» **Assigned task**
Copy the data verbatim and leave out every picture.

» **Material provided**
§

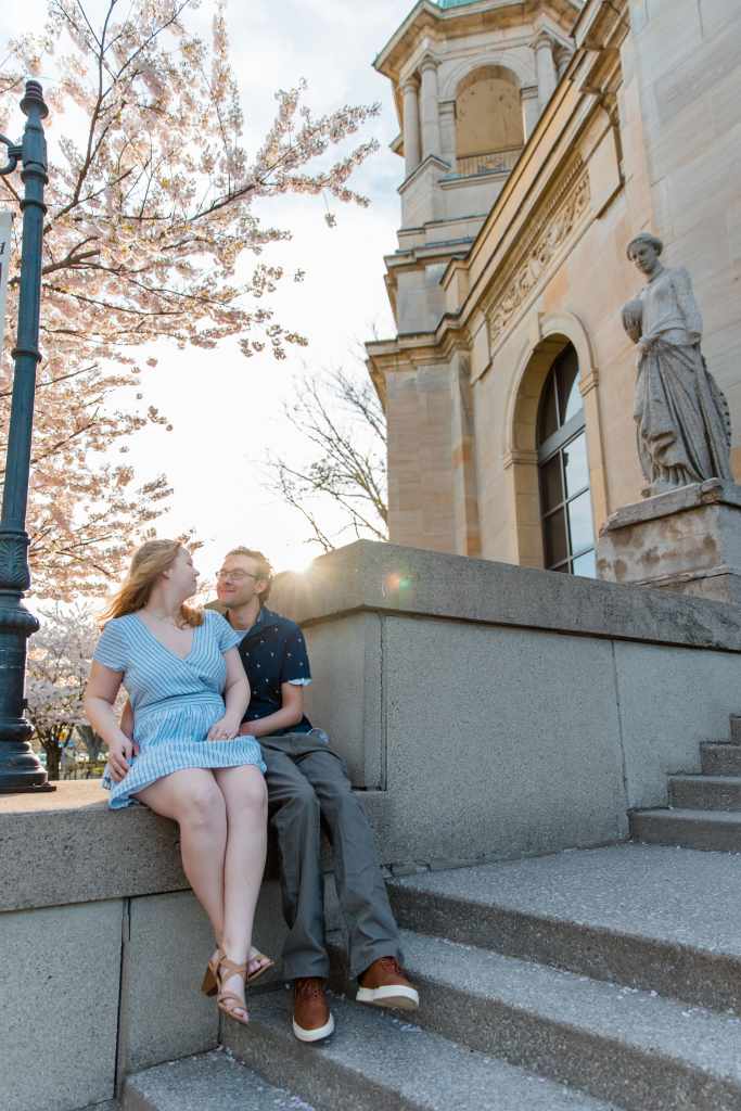 The cherry blossoms were in full bloom and their soft pink petals provided the perfect backdrop for this lovely couple. As they walked hand in hand, laughing and smiling, the trees surrounded them with their ethereal beauty. It was a dream come true for any photographer.
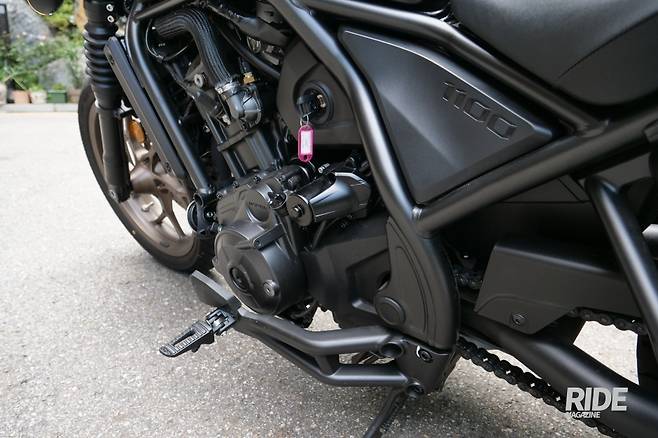 레블 1100 SE DCT의 배기량 1,087cc 직렬 2기통 엔진은 7,250rpm에서 최고출력 88마력을 보여주고 최대토크는 4,750rpm에서 10kgf.m의 힘을 발휘한다. 조금 더 까다로워진 유로5+배기배출가스 인증 기준을 맞추면서도 최대출력이나 최대토크는 크게 변화가 없다. 오히려 출력이 1마력 늘었을 정도로 차이는 딱히 없는데 사실 레블을 타고 있는 사람들은 공감 하겠지만 레블은 이런 스펙상의 숫자들이 크게 중요하지 않은 모델이다. 스로틀을 쥐어짜며 고속으로 타는 모델도 아니거니와 특히 레블 1100 SE DCT 같은 모델은 프론트 페어링이 없으니 바람의 저항 때문에 고속으로 달리지도 못한다.
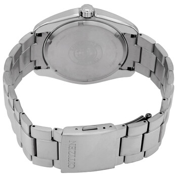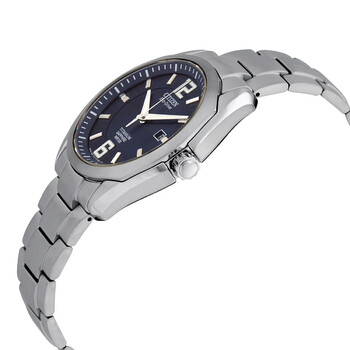 Grey titanium case and bracelet. Fixed grey titanium bezel. Blue dial with luminous silver-tone hands and index hour markers. Arabic numerals mark the 6 and 12 o'clock positions. Minute markers around the outer rim. Dial Type: Analog. Luminescent hands and markers. Date display at the 3 o'clock position. Eco-drive movement. Scratch resistant sapphire crystal. Solid case back. Round case shape. Case size: 42 mm. Case thickness: 10 mm. Band width: 22 mm. Fold over clasp. Water resistant at 100 meters / 330 feet. Functions: date, hour, minute, second. Casual watch style. Watch label: Japan Movt. Citizen Chandler Blue Dial Titanium Men's Watch BM7080-54L.
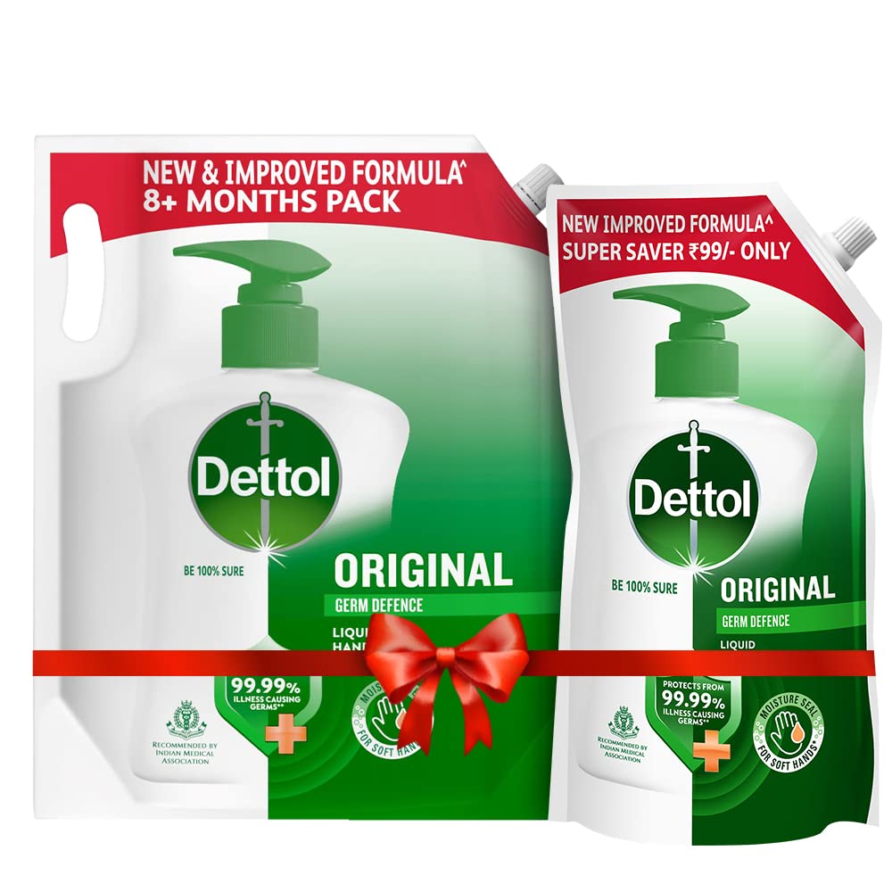 Dettol Liquid Hand wash Refill Original -1500 mlBe sure to protect your skin from 100 illness-causing germs and bacteria. Use Dettol's Original Germ Protection Handwash Liquid Soap pH balanced formula every day and keep your hands hygienically clean and refreshed. This hand wash provides soft and rich lather leaving behind clean hands and mild pine fragrance. The trusted germ-protection modus operandi acts like a barrier between your hands and a wide range of unseen germs. The soap-free formula with glycerin makes sure to keep your skin moisturised while the plant derived cleansers help ensure thorough cleaning. Dettol handwash also contains more than 85% naturally derived ingredients with no TCC & Triclosan giving another healthy reason for hand washing whenever in need. Wash hands properly with Dettol and help keep your family healthy! Safety Information: Keep out of reach of children unless under adult supervision. Avoid direct contact with eyes. For external use. In case of contact with eyes rinse immediately with plenty of water. If persistent irritation occurs seek medical attention.Dettol Liquid Handwash Refill - Original Germ Protection Hand Wash (Buy 1 Get 1 Free - 750ml each)| Antibacterial Formula | 10x Better Germ ProtectionBe sure to protect your skin from 100 illness-causing germs and bacteria. Use Dettol's Original Germ Protection Handwash Liquid Soap pH balanced formula every day and keep your hands hygienically clean and refreshed. This hand wash provides soft and rich lather leaving behind clean hands and mild pine fragrance. The trusted germ-protection modus operandi acts like a barrier between your hands and a wide range of unseen germs. The soap-free formula with glycerin makes sure to keep your skin moisturised while the plant derived cleansers help ensure thorough cleaning. Dettol handwash also contains more than 85% naturally derived ingredients with no TCC & Triclosan giving another healthy reason for hand washing whenever in need. Wash hands properly with Dettol and help keep your family healthy! Safety Information: Keep out of reach of children unless under adult supervision. Avoid direct contact with eyes. For external use. In case of contact with eyes rinse immediately with plenty of water. If persistent irritation occurs seek medical attention.

§

» **Solved exercise**
 The cherry blossoms were in full bloom and their soft pink petals provided the perfect backdrop for this lovely couple. As they walked hand in hand, laughing and smiling, the trees surrounded them with their ethereal beauty. It was a dream come true for any photographer.
 레블 1100 SE DCT의 배기량 1,087cc 직렬 2기통 엔진은 7,250rpm에서 최고출력 88마력을 보여주고 최대토크는 4,750rpm에서 10kgf.m의 힘을 발휘한다. 조금 더 까다로워진 유로5+배기배출가스 인증 기준을 맞추면서도 최대출력이나 최대토크는 크게 변화가 없다. 오히려 출력이 1마력 늘었을 정도로 차이는 딱히 없는데 사실 레블을 타고 있는 사람들은 공감 하겠지만 레블은 이런 스펙상의 숫자들이 크게 중요하지 않은 모델이다. 스로틀을 쥐어짜며 고속으로 타는 모델도 아니거니와 특히 레블 1100 SE DCT 같은 모델은 프론트 페어링이 없으니 바람의 저항 때문에 고속으로 달리지도 못한다.
 Grey titanium case and bracelet. Fixed grey titanium bezel. Blue dial with luminous silver-tone hands and index hour markers. Arabic numerals mark the 6 and 12 o'clock positions. Minute markers around the outer rim. Dial Type: Analog. Luminescent hands and markers. Date display at the 3 o'clock position. Eco-drive movement. Scratch resistant sapphire crystal. Solid case back. Round case shape. Case size: 42 mm. Case thickness: 10 mm. Band width: 22 mm. Fold over clasp. Water resistant at 100 meters / 330 feet. Functions: date, hour, minute, second. Casual watch style. Watch label: Japan Movt. Citizen Chandler Blue Dial Titanium Men's Watch BM7080-54L.
 Dettol Liquid Hand wash Refill Original -1500 mlBe sure to protect your skin from 100 illness-causing germs and bacteria. Use Dettol's Original Germ Protection Handwash Liquid Soap pH balanced formula every day and keep your hands hygienically clean and refreshed. This hand wash provides soft and rich lather leaving behind clean hands and mild pine fragrance. The trusted germ-protection modus operandi acts like a barrier between your hands and a wide range of unseen germs. The soap-free formula with glycerin makes sure to keep your skin moisturised while the plant derived cleansers help ensure thorough cleaning. Dettol handwash also contains more than 85% naturally derived ingredients with no TCC & Triclosan giving another healthy reason for hand washing whenever in need. Wash hands properly with Dettol and help keep your family healthy! Safety Information: Keep out of reach of children unless under adult supervision. Avoid direct contact with eyes. For external use. In case of contact with eyes rinse immediately with plenty of water. If persistent irritation occurs seek medical attention.Dettol Liquid Handwash Refill - Original Germ Protection Hand Wash (Buy 1 Get 1 Free - 750ml each)| Antibacterial Formula | 10x Better Germ ProtectionBe sure to protect your skin from 100 illness-causing germs and bacteria. Use Dettol's Original Germ Protection Handwash Liquid Soap pH balanced formula every day and keep your hands hygienically clean and refreshed. This hand wash provides soft and rich lather leaving behind clean hands and mild pine fragrance. The trusted germ-protection modus operandi acts like a barrier between your hands and a wide range of unseen germs. The soap-free formula with glycerin makes sure to keep your skin moisturised while the plant derived cleansers help ensure thorough cleaning. Dettol handwash also contains more than 85% naturally derived ingredients with no TCC & Triclosan giving another healthy reason for hand washing whenever in need. Wash hands properly with Dettol and help keep your family healthy! Safety Information: Keep out of reach of children unless under adult supervision. Avoid direct contact with eyes. For external use. In case of contact with eyes rinse immediately with plenty of water. If persistent irritation occurs seek medical attention.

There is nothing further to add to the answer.